Mara Village 8, completed in 2009, was the first LEED Certified building on the Fitchburg State University campus. Several factors contributed to the Silver Certified rating, including:

  • Natural and energy efficient lighting
  • Low flow fixtures in all bathrooms
  • Water efficient landscaping
  • High-efficiency heating systems
  • Low VOC-emitting materials in finishes (such as paints and carpets)

Renewable Energy

The first renewable energy installation was completed in 2011 with the addition of solar panels at the Sanders Administration and Anthony Student Service Buildings. The systems combine to produce clean power for the buildings and include a monitoring system that allows members of the campus community to view ongoing performance and energy production. 348 panels were used for a combined 89kw system, generating more than 109,000kwh annually… or enough to power 10 homes for year!

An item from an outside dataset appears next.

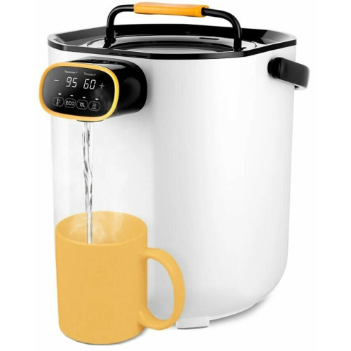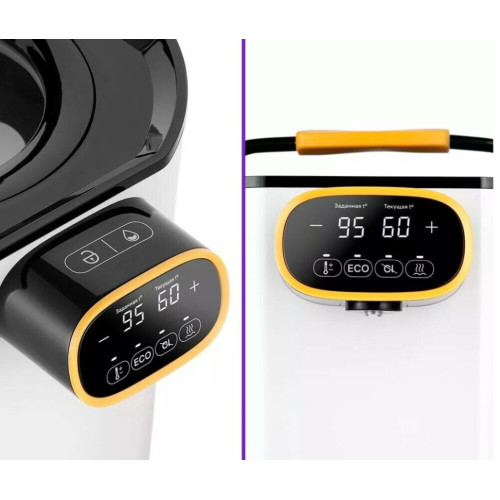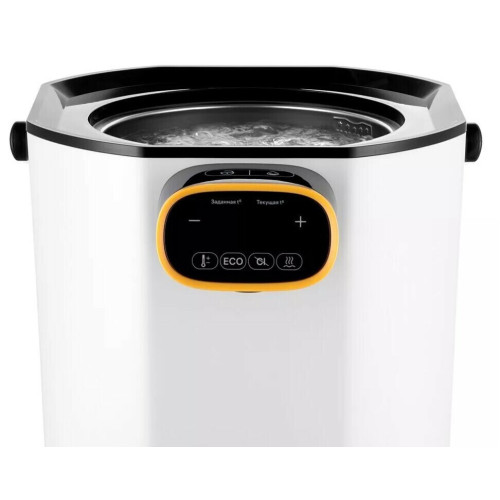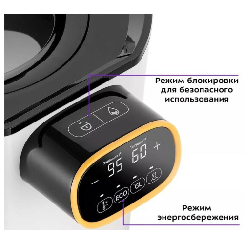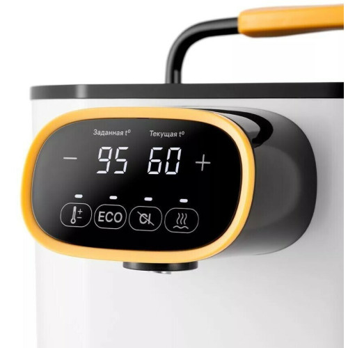 Термопот КТ-2520 служит для кипячения и нагрева воды до заданной температуры, а также поддержания температуры воды с помощью периодического включения и отключения нагрева. Из прибора удобно наливать воду благодаря автоматической подаче воды. Дисплей показывает заданную и текущую температуру. Термопот оснащен функцией выбора температуры и может не только вскипятить воду, но и нагреть ее до температуры от 40 до 95 °С с шагом 1 °С. Кнопка «Температура» включает режим поддержания температуры. Кнопка «Дехлорирование» включает длительное кипячение воды для уменьшения содержания растворенного в воде хлора. В этом режиме вода нагревается до 100 °С и будет кипеть 5 минут. Двойные стенки термопота помогают сохранить тепло и реже включать нагрев, что поможет сэкономить на электроэнергии. Корпус термопота состоит из пластика, а резервуар для воды — из нержавеющей стали. Ёмкость резервуара 5 литров. Часть крышки прозрачная, это позволяет следить за уровнем воды в резервуаре. Термопот КТ-2881 оснащен удобной ручкой для переноски. Нажмите на кнопку «ЕСО». Когда в помещении, где находится термопот, станет темно, прибор автоматически выключится. Термопот включится автоматически, когда в комнате станет светло. Блокировка кнопки подачи воды не позволит случайно включить подачу. Для продления срока службы термопота удаляйте накипь по мере ее образования. Храните термопот в сухом и прохладном месте, недоступном для детей. Не используйте для мытья абразивные моющие средства. Не погружайте устройство в воду или под струю воды.

In addition to the solar energy system, the University also installed a geo-thermal heating and cooling system at 155 North Street, which is home to the Exercise and Sports Science department. The system relies on a stable ground temperature, drawn into the building through water circulated through a 1000-foot deep well. The system uses equipment that can take advantage of the difference between the water and outside air temperatures. This process produces heating and cooling without the need to burn fossil fuels.

Energy Use Monitoring

Targeting State facilities, more than $10 million was invested by the State through the use of ARRA (American Recovery and Reinvestment Act) funds. This investment was intended to help facilities, including the Fitchburg State University campus, monitor energy use. The goal is to identify opportunities for conservation and improved energy efficiency. This system provides near real-time information on energy use by each building on campus to managers on the campus. The information is used to identify short-term issues with equipment performance and operation, as well as provide data necessary to prioritize efficiency projects. Completed in 2011, the system monitors electric, natural gas, and steam use in 40 buildings on campus.

Energy Efficient Lighting

Starting with a pilot project that converted 200 fixtures to LED lighting at Hammond Hall, the University is making the transition to one of the most energy efficient lighting options available. LED lights are longer lasting (up to 5 years) and more energy efficient than both incandescent and fluorescent. LED light is whiter and brighter, resulting in better visibility. Other light fixtures around campus are being converted to LED fixtures, such as the exterior wall-pack lights at Aubuchon Hall and the under-canopy lights at Sanders Administration.